Thursday 21 October 2010

Shish And Shipsh - Part The Second

So, with a determined Nana in tow, we board the log flume, and, as is traditional with your standard log-flume-based ride, you have two smaller drops before you reach the main event. And they're both fine and we're all having fun and Nana seems to be actually enjoying it. Until we round the corner and are confronted with the main drop. Now that it's staring us right in the face, it seems a lot higher than it did when we were on the ground looking up. Quite a lot higher. At this point, Nana is thinking that it's entirely possible she's made a mistake and I'm thinking that maybe we're about to give a sweet little old lady a massive coronary.

Our little raft crests the peak of the flume and we begin to plummet. Nana, naturally fearful that her long life is reaching an unexpectedly premature end, opens her mouth to scream. As she does so, two things occur at once. The first is that her natural parenting instinct kicks in and she becomes fearful that my younger brother (seated directly in front of her) is about to fall out. Her first thought is to grab hold of him to ensure his safety (the fact that is considerably heavier than her and would simply pull her overboard with him has not occurred to her). The second thing that happens is, as her lips are parting for the scream to escape, she can feel the Polygrip on her dentures loosening and the ersatz choppers beginning to ease their way forwards to freedom.

Torn between whether to save Grandson The Younger from a theme park based death or to prevent him receiving concussion from a set of dentures propelled into the back of his head at high speed, Nana spends the mercifully brief downward journey with one hand clamped on the Brother and the other clamped tightly over her mouth to prevent tooth escape. Bro does not fall out, the dentures are secure in their mouth-based incarceration and Nana has been too distracted to have a heart attack. Everybody wins.

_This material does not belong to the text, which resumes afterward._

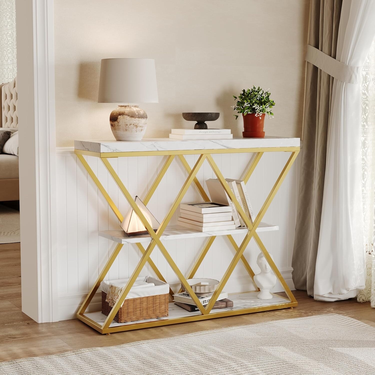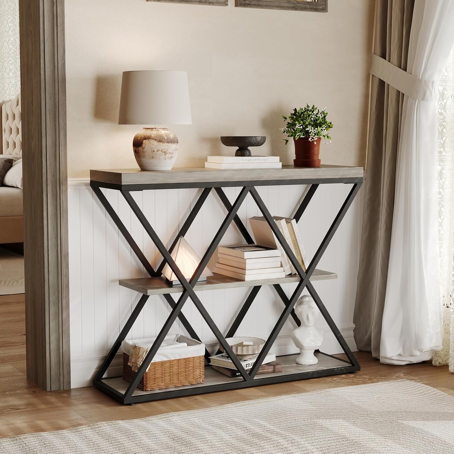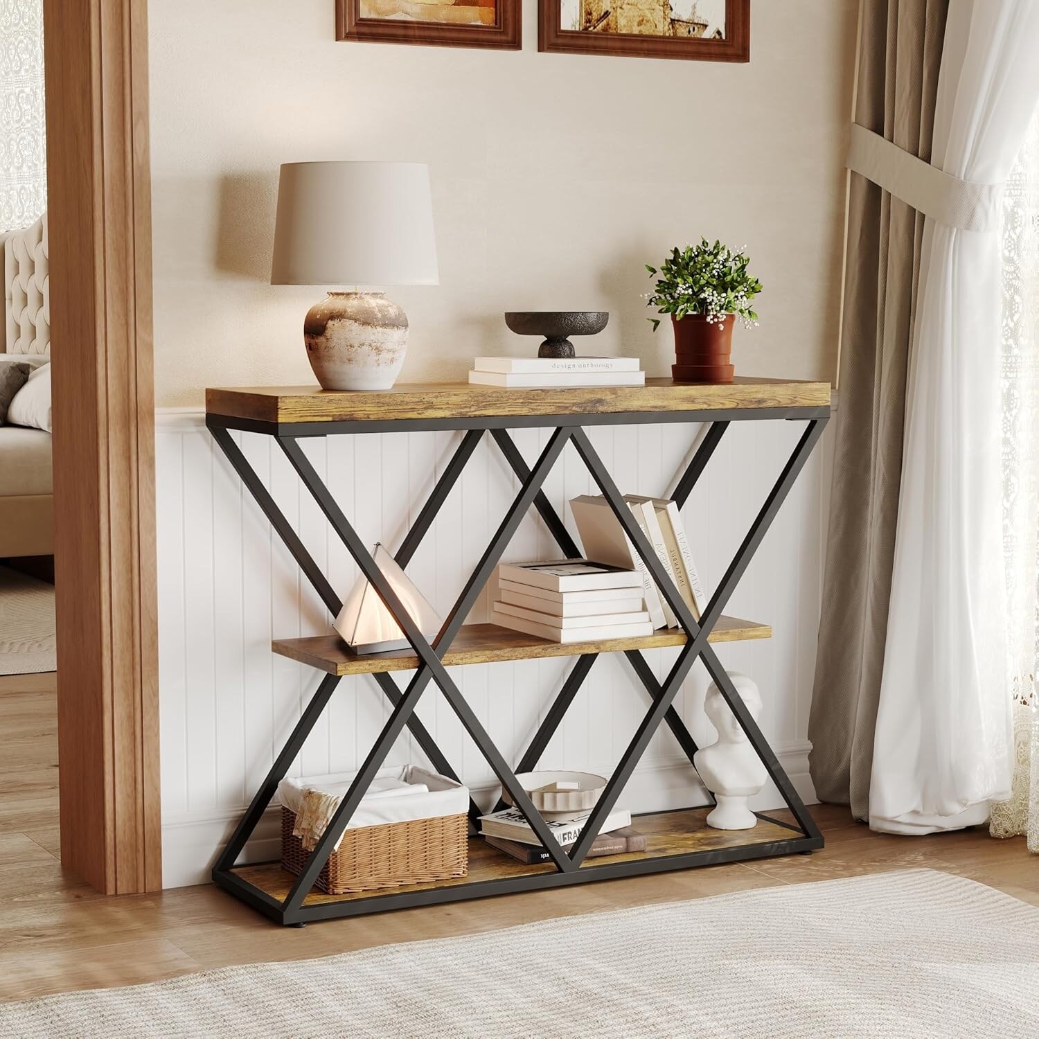 32.8in 3-layer Industrial Style Console Table, X-shaped Metal Frame, Sofa Side Table, Open Storage Shelf

Of course, if she had lost her teeth, we could have spent the entire homeward journey getting her to say, "She sells sea shells on the sea shore". And she would've, too.



2 comments:

MJenks said...

Well, I must admit, I did have visions of a false bridge flying from her mouth and hitting unwary passer-by in the back of the noggin, rendering him unconscious. Hilariously unconscious, but KO-ed just the same.

That Baldy Fella said...

It was a close run thing. There nearly was a drive-by denturing.